Spring is, well, springing I guess.

It has been a very full start to the year so far.

After months of stress about giving a talk, GDC 2018 has come and gone. People tell me the talk was a success, so that's really nice because, man, I was nervous. My memories of the whole thing are hazy, but it felt especially good at the Monday session - That was for the Narrative Summit so we had a great crowd that was at GDC specifically for that kind of narrative-focused talk. Should be getting the video from that within the next week or so, which will be fun to see and share with the rest of the Internet At Large.

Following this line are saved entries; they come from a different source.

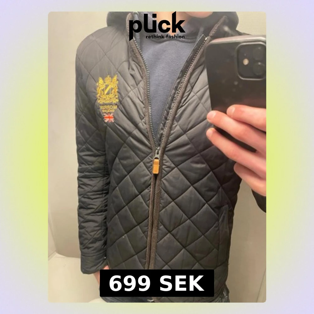 Snygg svart quiltad jacka från Morris med gul broderad logga och brittisk flagga på bröstet. Jackan har dragkedja framtill, sidofickor och en klassisk, smal passform. Perfekt för dig som gillar stilrena detaljer och tidlös design.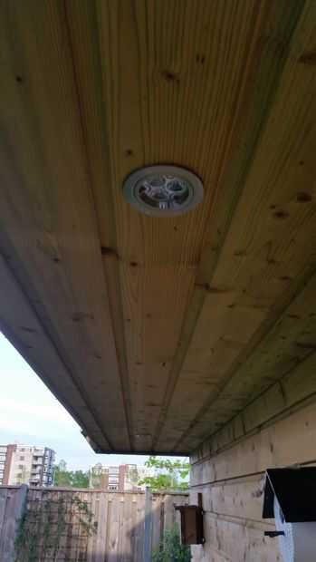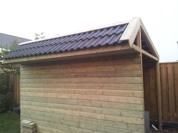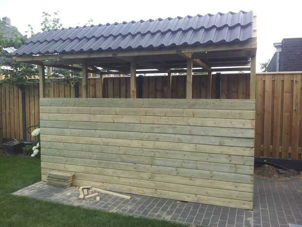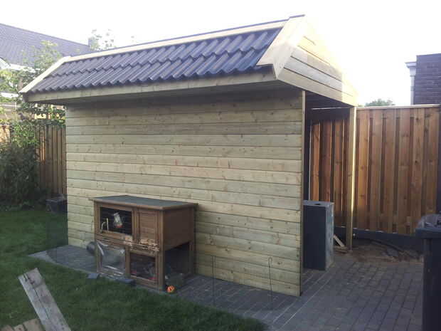 Para las paredes yo también pedí madera tratada a presión. Estos se realizan los tablones que bloquear para que no se puede obtener agua en el interior. No sé la palabra en inglés para él. Para el ajuste usé la misma madera. Para obtener la parte superior impermeable instalé un perfil L de PVC que tiene cualquier ferretería. Para el alero también utilizar los tablones de la misma y mientras estaba bussy puse en 2 focos de LEDs. Ahora el Sr. Binky el conejo no sólo es seco pero también puede ver lo que come en la noche!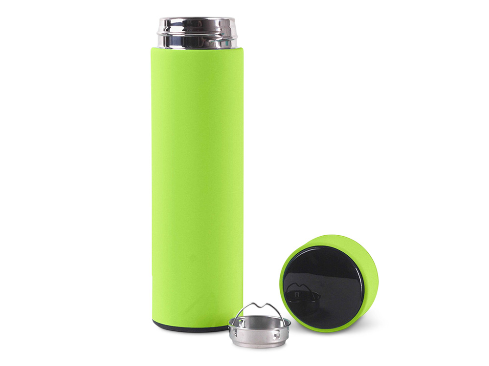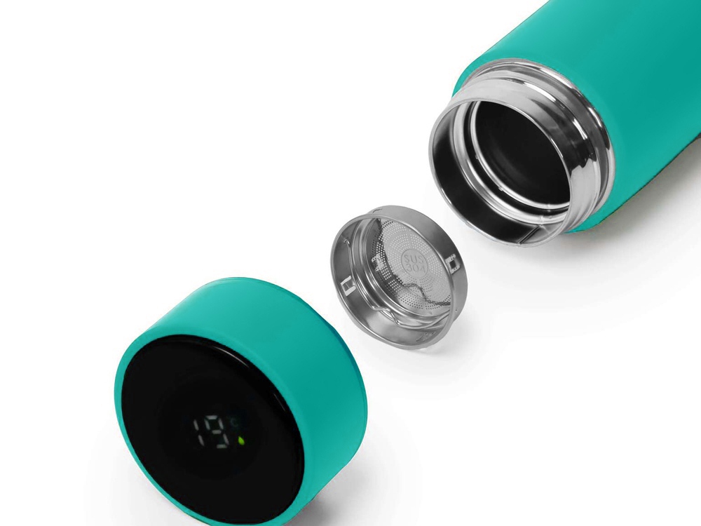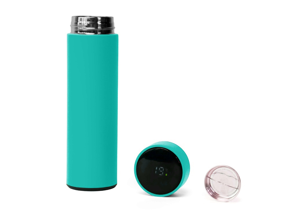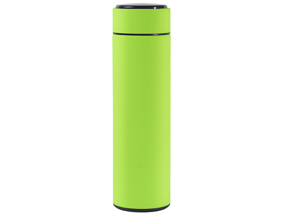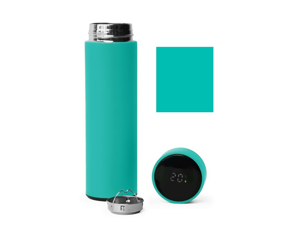 Термос из нержавеющей стали, покрытый цветным soft touch, с крышкой, в которой встроен термометр и LED дисплей, показывающий температуру внутри термоса.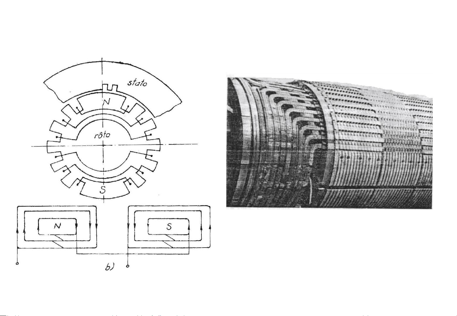 cuộn dây quấn quanh các cực làm nó bị từ hoá tạo nên các cực tự phân bố xen kẽ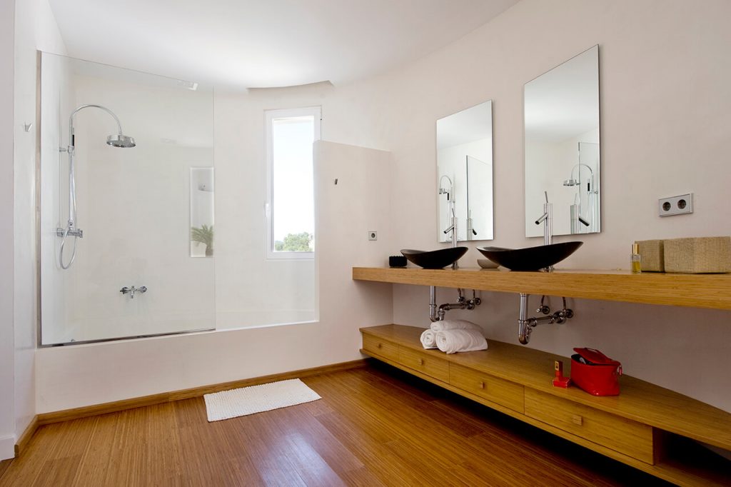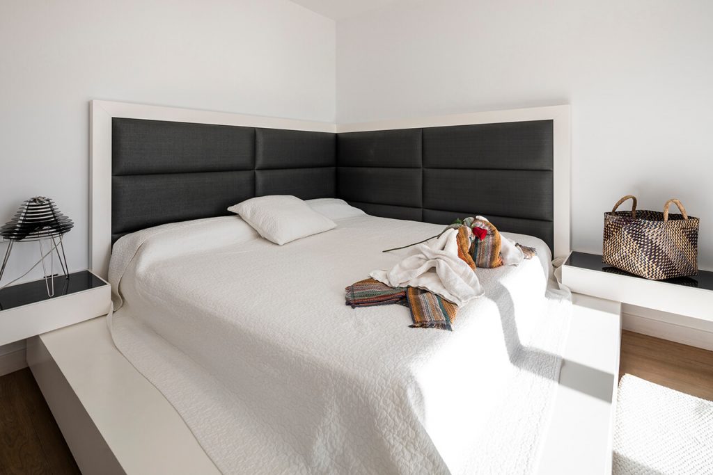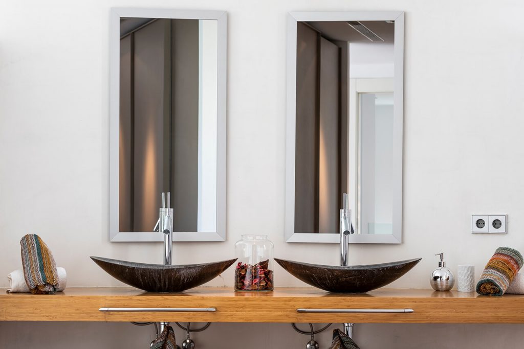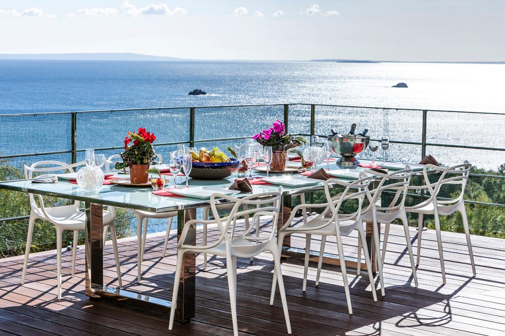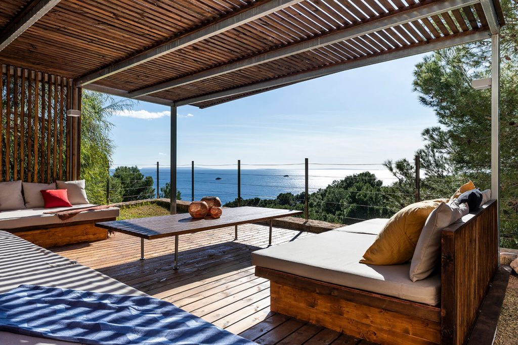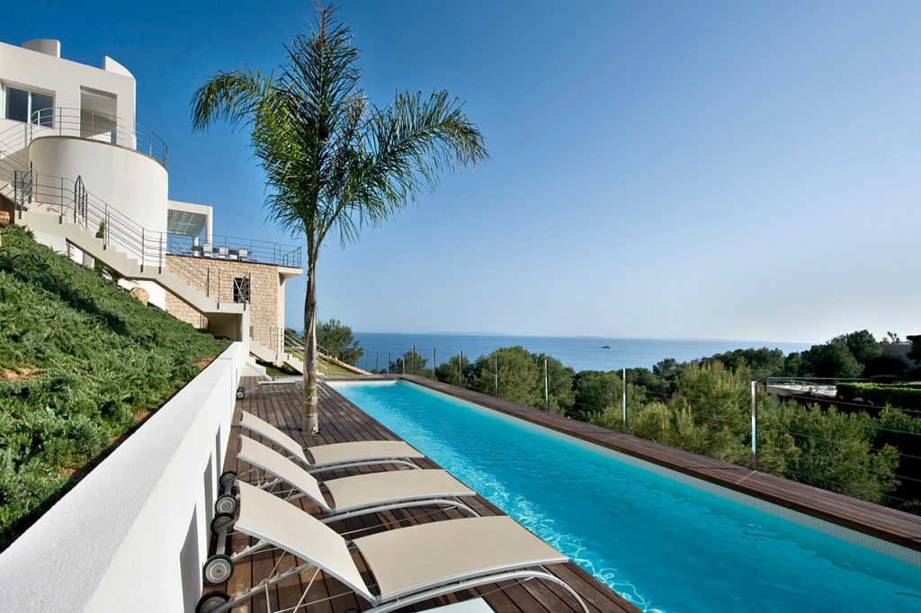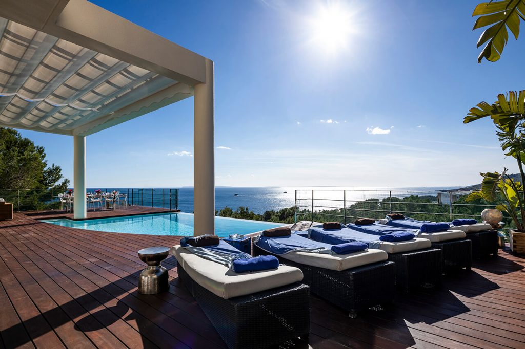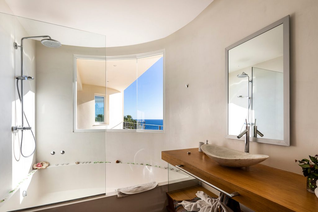 In the main house overlooking the sea there are four beautiful double bedrooms, each with a balcony, en suite bathroom, dressing room, flat screen TV and satellite TV. The guest house (45 square metres), meanwhile, has a private terrace and offers its occupants a spectacular view of the sea. It consists of a double bedroom with bathroom (shower and toilet), kitchen with bar, dressing room and lounge with 360º swivel-TV swivel – allowing you to watch from the bedroom or lounge.
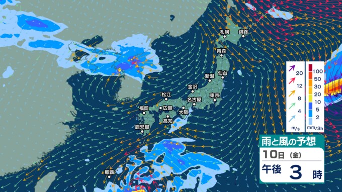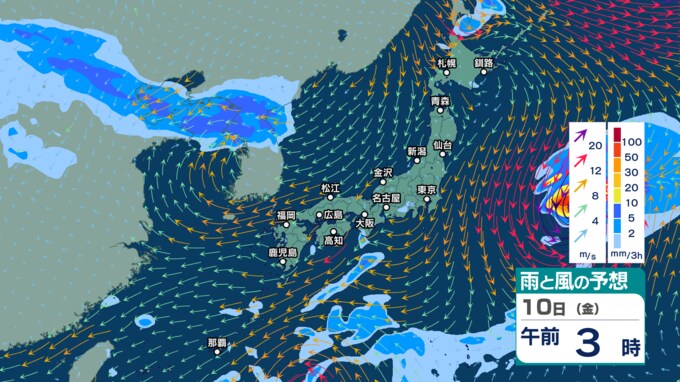 3. 『台風23号』は11日(土)~12日(日)頃にかけて沖縄地方や九州南部・奄美地方に接近するおそれ【3時間ごとの雨と風のシミュレーション 9日午後10時30分更新】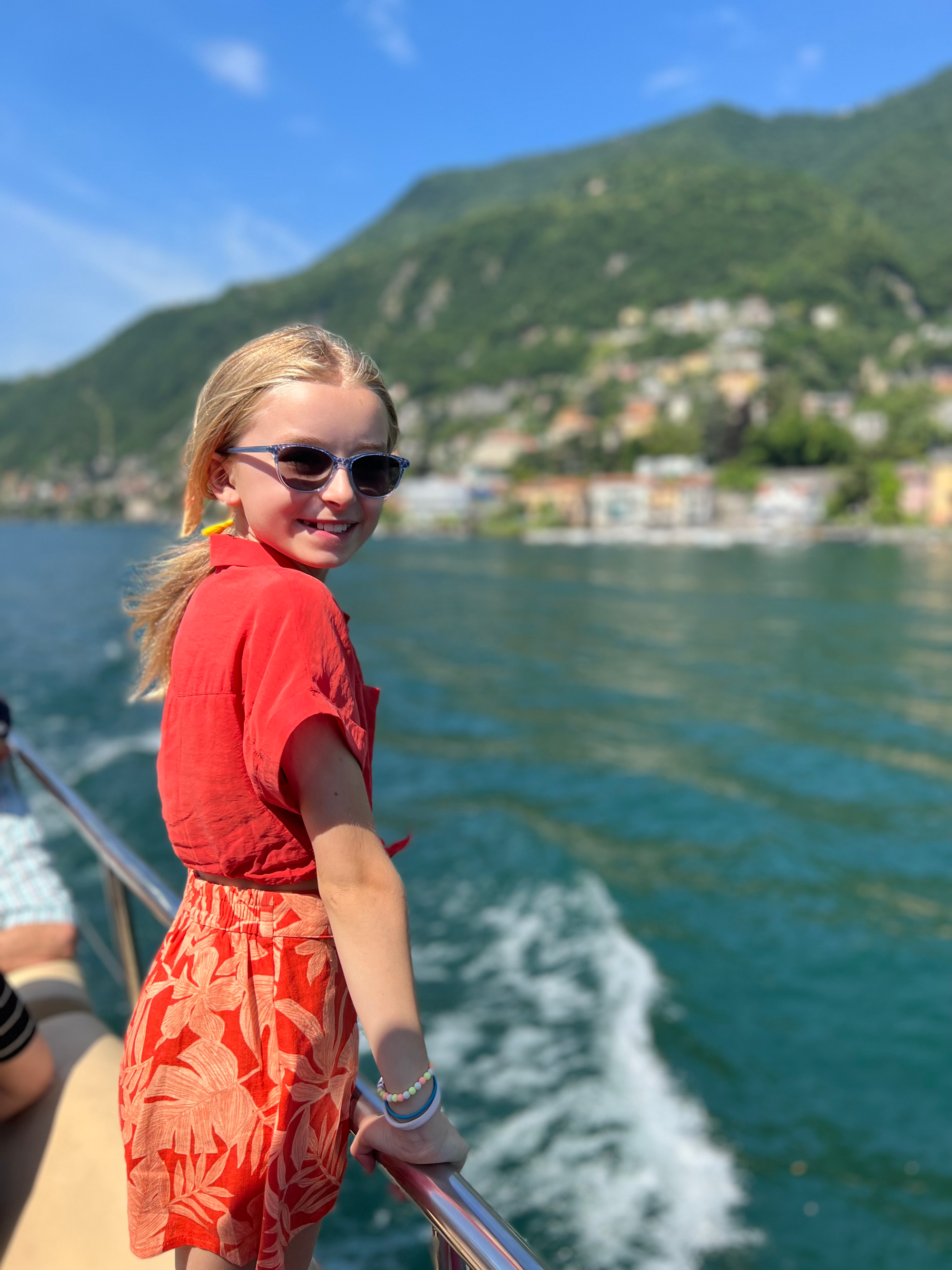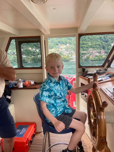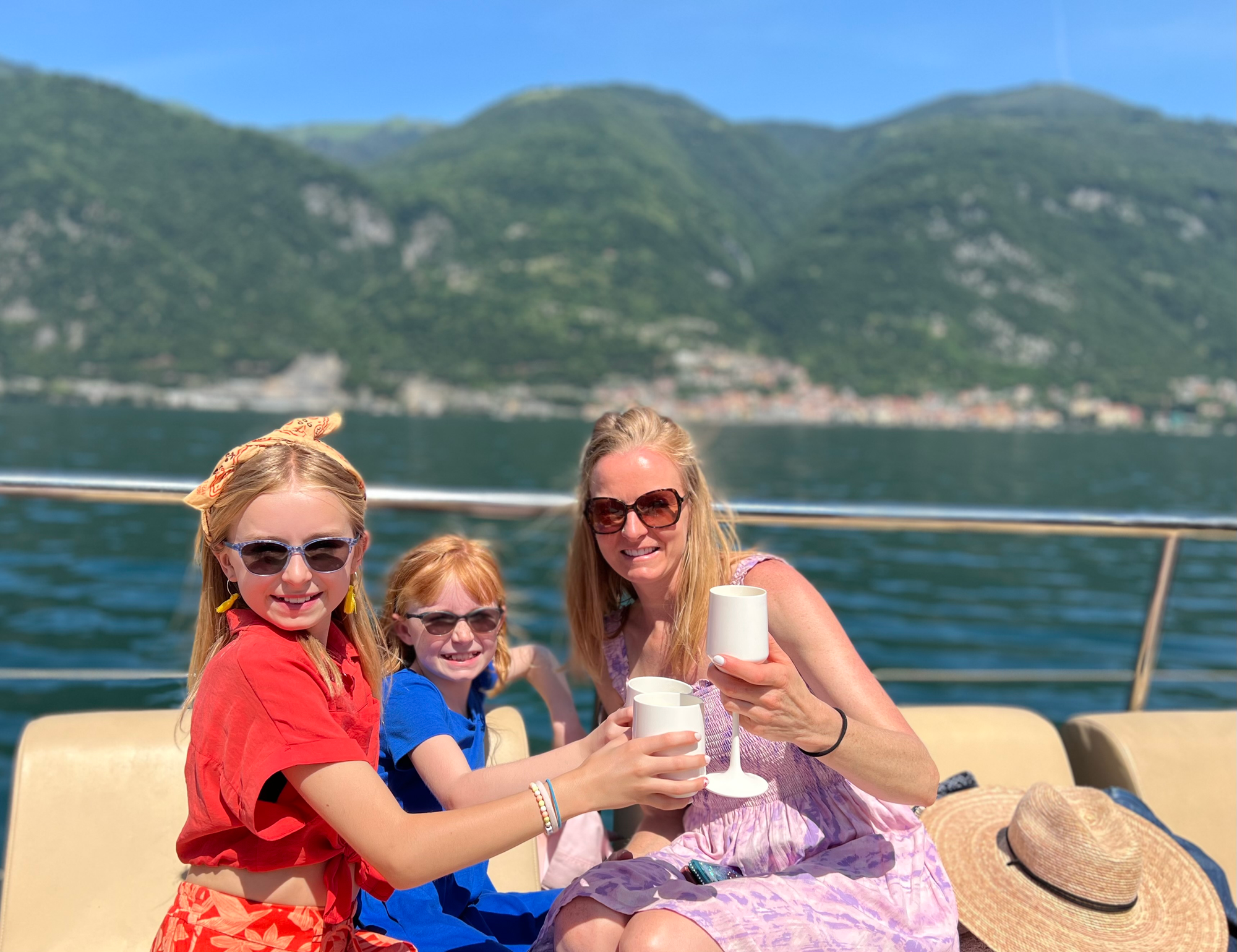 One of the pre-wedding activities was a boat cruise where we all boarded a ship and went from Como to Bellagio and back. This was a fantastic time when all the wedding guests, friends, and family got to be together for the first time. The kids loved the boat ride, and everyone made them feel special and included. It turns out that George is quite the Paparazzi and ran around taking pictures of everyone. He also got to “drive” the boat while the girls lounged around pretending they were movie stars.

GDC was such a funny experience. It was my first one I've attended (I know, weird) and it was nuts to go to restaurants and hear nothing but game-related conversations. I was hit really hard by imposter syndrome the whole time - Especially when talking to students or young people who wanted to know more about "breaking in" to the industry. This year marks my 7th year as a professional writer, but only the last 4.5-ish years have spent writing video games... and all of that experience has been exclusively at Telltale, so I don't feel like I've had the kind of "career" that the folks I look up to have had.

It doesn't help that the video game industry is changing so rapidly. Like store-bought guacamole that turns brown before you get it home, it feels like my advice or knowledge is out of date in the time it takes me to say it. The in-roads and paths into the industry are shifting constantly and it seems like no one "breaks in" in the same way twice. It reminds me of how I recently heard that more and more kids in school are declaring "Twitch streamer" as their dream jobs - Twitch didn't even exist a few years ago, who knows if it'll still be around by the time they graduate.

Just like the people streaming things on Twitch had no idea a few years ago that's what they'd be doing professionally, most of the people I know in the game industry kind of fell into it by accident. I think that's where a lot of my imposter syndrome takes root. I talk to these 17-, 18-, 20-year olds who want to be in the video game industry - who want to go from where they are to where I am - and I don't know how to draw that map for them because I was never a 17-, 18-, 20-year old trying to get into games. When I was those ages, I was trying to figure out how to make a living writing cartoons. My time in the career industry has been mostly spent trying to rapidly learn as much as possible, as fast as possible.

That's been especially true lately. In the last 4.5 years at Telltale I've helped write and make a very particular kind of content. Gotten pretty good at it too, if I do say so myself. Over the 6 or 7 projects I worked on we pushed and pulled the format a little bit, but were never allowed to move too far away from the core "Telltale Formula." For this latest project though? I'm not gonna say we're throwing out the entire playbook, but we are throwing out a LOT of preconceptions and "rules" that have accumulated at TTG over the last half-decade. It's super exciting, but also pretty stressful trying to ingest so much new knowledge (both technical and game-design-philosophical) so rapidly. That's all I'm going to say on the matter for now because I don't want to get in trouble... but I'm excited to share it with the world eventually.

Also under the category of "exciting... but stressful" is a certain big day I have coming up in June. I knew that planning a wedding would be a lot to take on, but I seriously underestimated just how much stress it would introduce into my life. The big things you hear about ("We need a venue!" "We need a caterer!" "Everything's so expensive!") and I had thus been prepared for them by a lifetime of watching movies and sitcoms. What I hadn't been prepared for were the million and one smaller things that threaten to fall through the cracks every day: "What will my groomsmen wear?" "What kind of wedding band do you want?" "What will the dessert sit on?" "Where will we find the frames to make chalkboard signs showing guests the schedule?" Molly has been utterly amazing in having a vision for how she wants this thing to look, but I'm trying to hold up as much as I can on my end too... definitely tough but I think we're keeping it together. (I've also got my fingers crossed that a few things come through that help pay for the dang thing.)

So... yeah that's my 2018 so far in a nutshell. Thought it would be fun to write some of this up as winter comes to a close and we move into summer. Self-indulgent? Sure. But you're the one that came to a website with an address of [myname] dot com. If you're still here, thanks for reading.